Over the years, I would bet almost every E.D. Physician Group has been forced or strongly encouraged to contract with managed care plans.  Often times, one of the essential elements in the contract with the hospital is that the E.D. Physician Group will participate with the hospital managed care plans.  In the 1990's, physicians signed contracts with these provisions without hesitation and quite frankly without regard to their ramifications.  As a result, income decreased and managed care plans quickly realized they had the power because the E.D. Physicians were contractually obligated to participate, or so they thought. 

The great equalizer for E.D. Physicians came in the form of the passage of the “Prudent Layperson” definition of an emergency.  In most states, “Prudent Layperson” definition is accepted as the standard and thus insurance carriers have either decreased the number of non-emergent denials or stopped denying E.D. claims altogether.  What does this mean for E.D. Physicians?  Simply put, this gives you greater leverage to negotiate.  Just as you may be obligated to participate with plans due to your contract, they now must pay your claims due to State Law.  For no other reason, this is why the passage of the “Prudent Layperson” definition of an Emergency was so critical to the livelihood of Emergency Physicians.  If parties try to impinge on this language, you must fight to the end for its continued acceptance as the standard. 

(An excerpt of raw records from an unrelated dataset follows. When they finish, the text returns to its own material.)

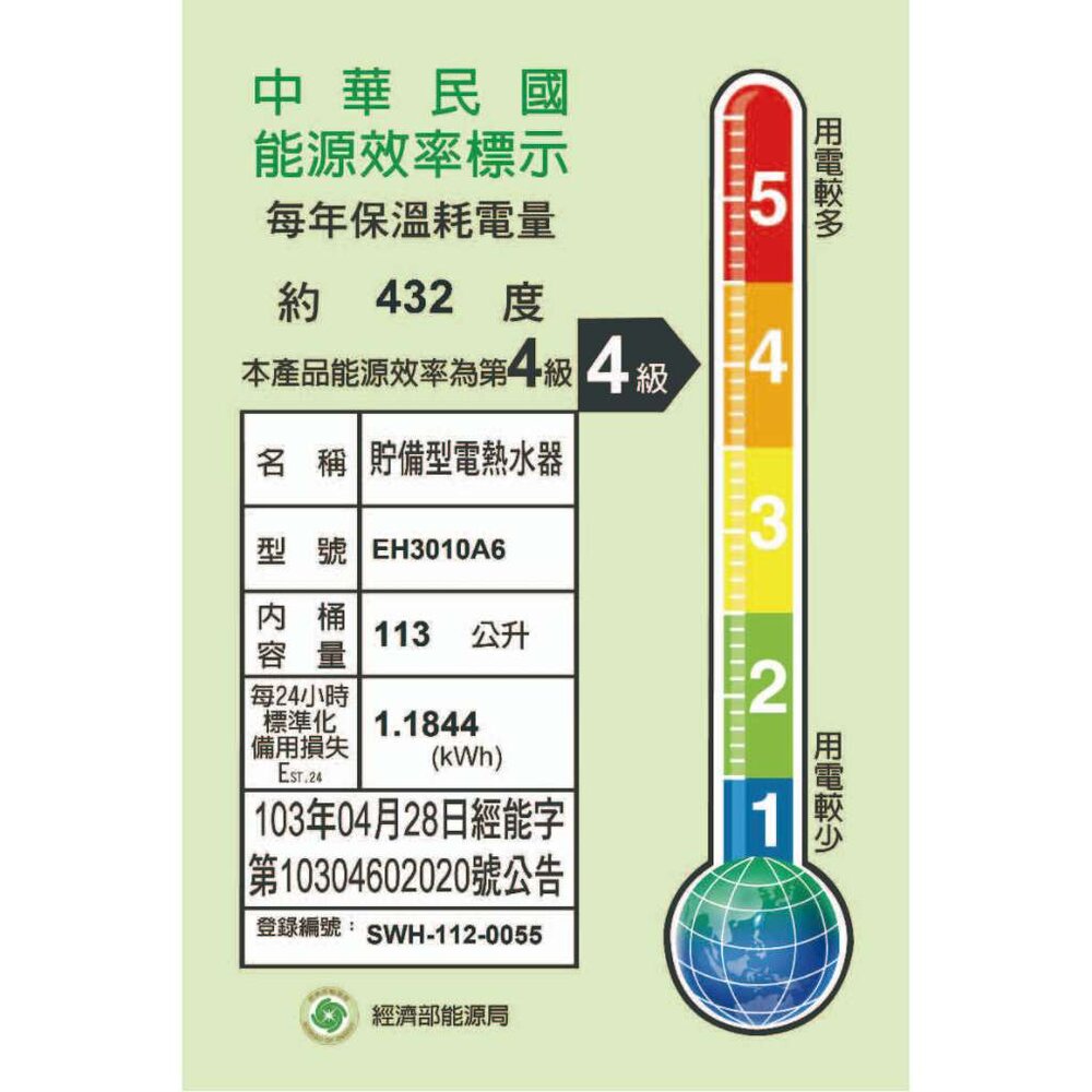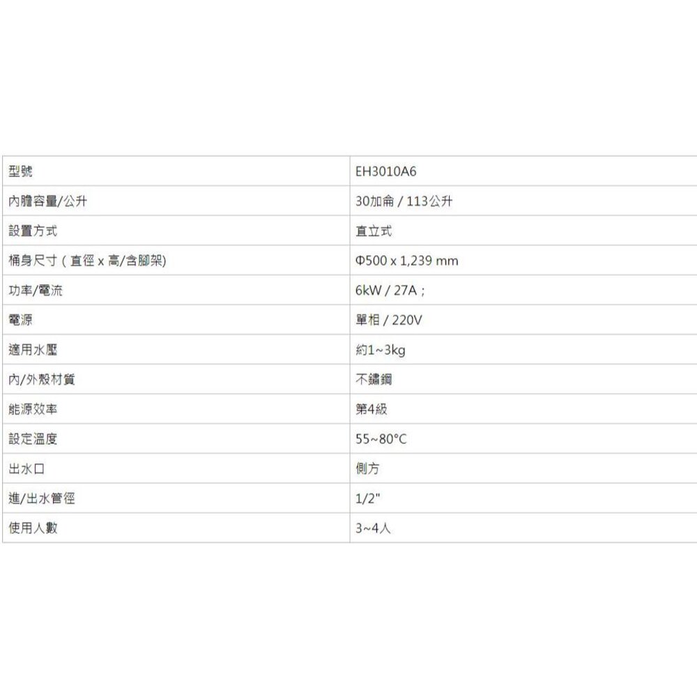 【櫻花牌】 EH3010A6 30加侖 儲熱式 電熱水器
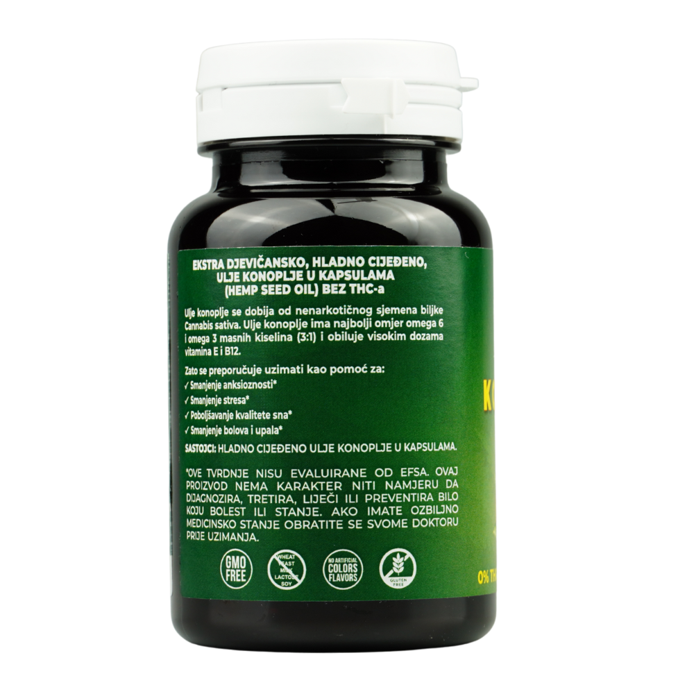 | Sadržaj po kapsuli | 800 mg ulja konoplje | Hladno cijeđeno |
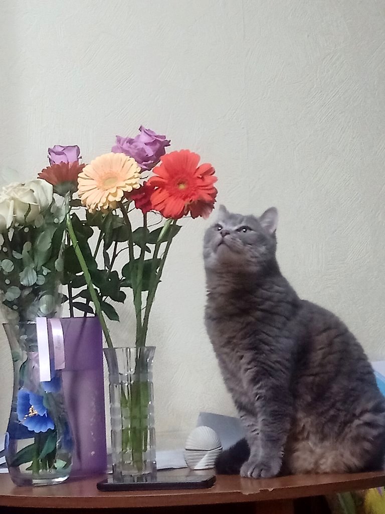 И правда! Так любоваться цветами может только кошечка)). Тогда и духи к месту).
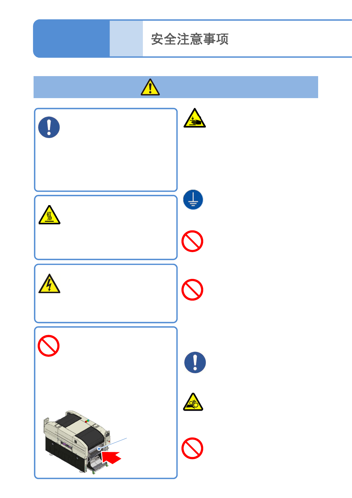NPM-W2 EJM7DC-SF-01N-00 请勿在设备、周边器材、可动 部上放置其他物体或者站立在 上面 ( 重物掉落引起破损或者被夹住,可能受 伤 ) ●安全盖、交换台车等 1-1 -8 遵守“安全数据表 (SDS) ”的 注意事项 ( 化学物质引起危害和损害的原因 ) ●“安全数据表 (SDS) ”,请参阅 使用说明书的『维修保养篇』。 维修保养时,请戴工作帽或安 全头盔以及保护眼镜 ( 可能受伤 ) ●马达或电气箱等。 搬运料…

When negotiating with managed care plans remember these basics.  First, never sign a contract for a long term (more than two years).  Long term deals provide tremendous power to the managed care plan.  Second, make certain you have a “without cause” termination clause with no more than 90 days notice required.  This will provide great protection in the event they don't pay according to their contract or have failed to disclose bundling practices.  Third, obtain professional assistance from a billing industry expert to review the contractual language.  The devil is in the details.  What they may say is standard contractual language is generally written only for their benefit.  Fourth, ask questions regarding whether their software is designed to bundle codes that are not universally bundled for CPT.  Inappropriate bundling is the number one scheme in the business.  Many plans have installed edits in their payment software to bundle codes that should not be bundled simply to reduce your payments.  Fifth, never accept their first offer as there is always room to negotiate.  If they won't negotiate, you are usually getting a bad deal.  Sixth, try to negotiate a percentage of charges or flat rates rather than a percentage of Medicare.  As you know, Medicare is volatile and cuts there should not create cuts across the board for your practice.  Lastly and most importantly, remember than many of the major plans will pay any E.D. visit at or close to your fee schedule amount because they realize that the “Prudent Layperson” definition of emergency is a losing fight for them.  Contracting even at a good rate is most often far less than not being contracted and receiving a high percentage of billed charges as your payment.  They real key to staying non-par without upsetting the hospital or patients understands how the plans in your area process out of network claims.  Make sure you know this prior to making the decision to go non-par. 

Classic Example

Group A has the following for Managed Care Plan X: 

Group Fees                 # of Cases       Plan Fee Schedule      Pmt out of Network

99281-  $60                 20                                $35                              $48                             

99282-  $105               100                              $65                              $84

99283-  $190               800                              $115                            $152

99284-  $300               600                              $155                            $240

99285-  $450               400                              $205                            $360

99291-  $600               80                                $290                            $480 

The plan fees schedule is fairly close to 150-170% of Medicare, which in many cases would be good rates from a managed care plan.  Pmt out of Network represents 80% of the group fee schedule, which is often obtainable as non-par.  Below you will see how the annual reimbursement is drastically different. 

As Par with the Plan Fee Schedule :

(20x$35) + (100x$65) + (800x$115) + (600x$155) + (400x$205) + (80x$290)= $297,400

In network, you would collect $297,400 or $148.70 per patient 

Out of Network:

(20x$48) + (100x$84) + (800x$152) + (600x$240) + (400x$360) + (80x$480)= $457,360

Out of Network, you would collect $457,360 or $228.68 per patient 

As you can see, the basics of managed care plan negotiation can result in very different outcomes.  Consult an industry expert or billing vendor with expertise so your group will win the managed care negotiation.